Jade Chuyu Xiong MFA EDA ‘21: “Mutual Players”
Jade Chuyu Xiong’s film “Mutual Players” juxtaposes movie clips from early English films that feature actors of Chinese descent in Chinese roles. By reediting the original footage, Xiong aims to craft a new narrative that challenges the stereotypical ways in which Asian and Asian American actors are portrayed in Western cinema.
This is part of a series showcasing the work of the MFA in Experimental and Documentary Arts Class of 2021. Learn more about the program and its graduating cohort here. For this installment, Stanley Abe, associate professor of art and art history, interviews Jade Chuyu Xiong MFA EDA ‘21.
Can you talk about what led you to your thesis project?
As an international, I’ve always had an interest in how people like me are presented in U.S. popular culture. It was during my time in college when I experienced a slowly-forming realization that people like me are not really shown in the popular culture here. I had this contradictory feeling that while we talk a lot about diversity and respecting cultures, and see so many Asian students on campus, you don’t see them on big screens or elsewhere in the media. That contradiction was my starting point, but I also turned to this idea because I always had an interest in archival materials. I was trying to explore my family archive for the thesis project, but I couldn’t go back home to China due to the pandemic, so I turned to someone else’s archives.
Can you talk about the process of making the film?
I wanted to compose a collage film from English language movies that feature only actors of Chinese descent and try to construct a narrative different from the dominant ones that always ostracize them. I realized that it is difficult to put together clips of Chinese actors in western films, because there were rare, and their roles were limited, but I thought that a seemingly awkward, illogical montage might call attention to the fact that many of those roles were designed to dehumanize and suggest the “differing” characters of Chinese.
“In the end, I was trying to create a feeling and evoke emotional responses rather than trying to make a statement.”
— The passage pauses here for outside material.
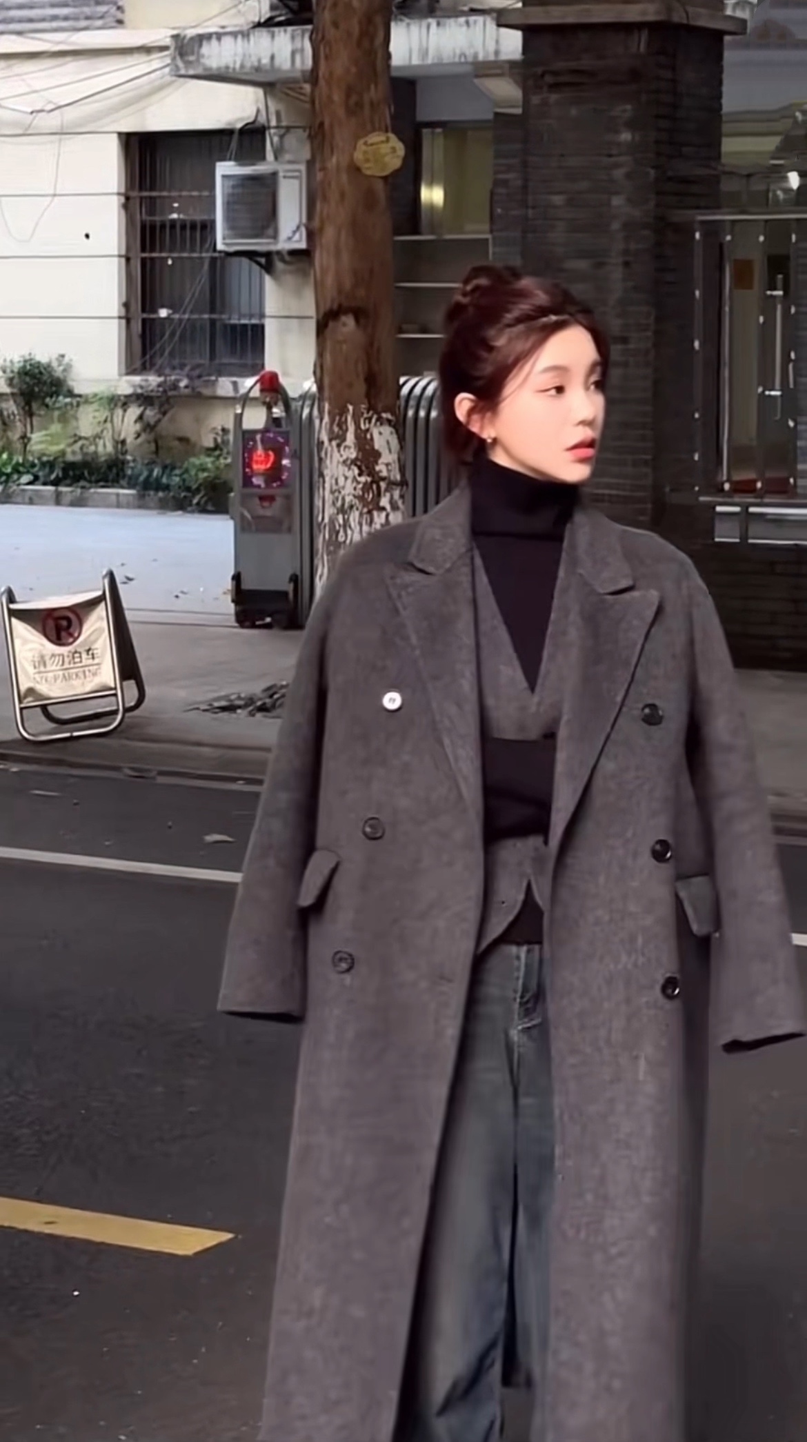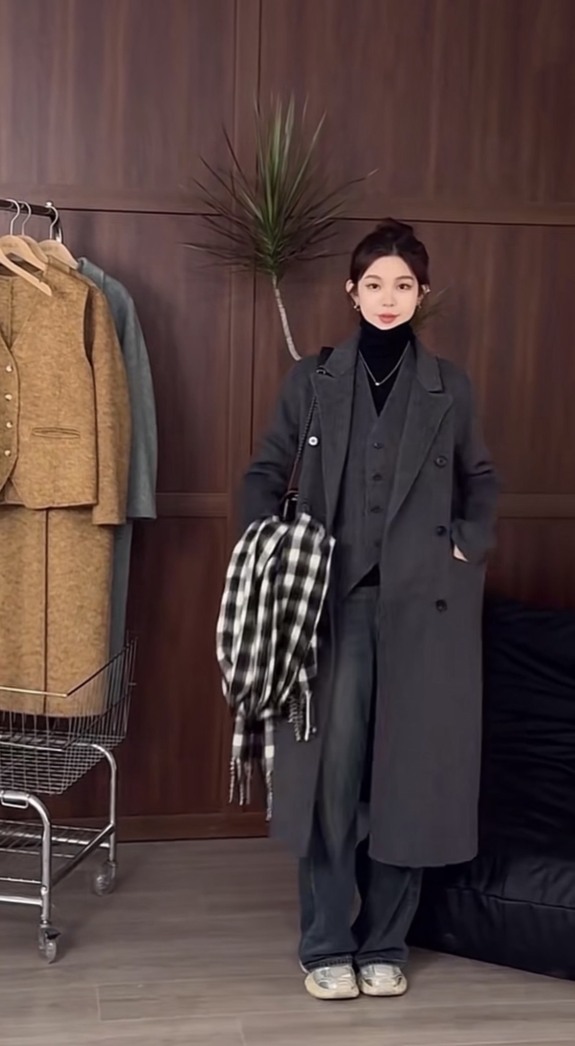 韩系气质显瘦双面羊毛大衣马甲两件套中长款秋季羊毛呢西装外套女

As a filmmaker, how do you take what you have learned through your research and determine how much of it to convey to the viewers?
I became fascinated by the personal lives of the actors in my film and spent quite some time learning about their life trajectories. I am curious about their experience being Chinese in this country, at different historical moments, in that particular industry. However, I wasn’t even sure that I did the right thing, researching and digging so deep into the individual lives of those actors. I was worried at one point that if I studied too much about their lives, I would mix up their lives and their art, mixing real life with representation. In the end, I was trying to create a feeling and evoke emotional responses rather than trying to make a statement.
That’s a kind of problem that can come up in almost any kind of documentary. Your film is not a documentary, but it has similar kind of relationship between you and the people you’re showing. You’re editing them, and choosing what they say or what they don’t say. That representation is a big responsibility that also carries over to the use of language in the source films, and in your assemblage. It raises a question of who understands, and who identifies.
I try to carry an insider/outsider, mixed-up identity all the way through my film. I underwent a significant personal growth since I came here for college, and in that sense, I sometimes feel like an “insider.” At the same time, I know I’m an outsider in many other aspects, and I’m okay with this. I have a similar contradictory feeling every time I go back to China as well. I hope that feeling of being a wanderer is translated in my film, as that was what I constantly experienced during my process. For example, since I work on old movies that feature Chinese actors originally from various places in Southern China, when editing, I sometimes didn’t understand some of the old English, and sometimes didn’t understand the Chinese dialects, but I somehow identified without always understanding.
In your film, you have moved the Chinese actors to the center, but you’ve also shown us how they were intended to be shown. I think that’s why your film is successful. It has both.
There is no singular story to either the Chinese characters on the screen, the actors’ real lives off screen, or the culture they represent. For me, making this work is important as it explores the unrepresentable and the uninterpretable across time and space, that define and summarize my cross-cultural experience itself. I hope that’s a lingering thought when people leave the exhibit.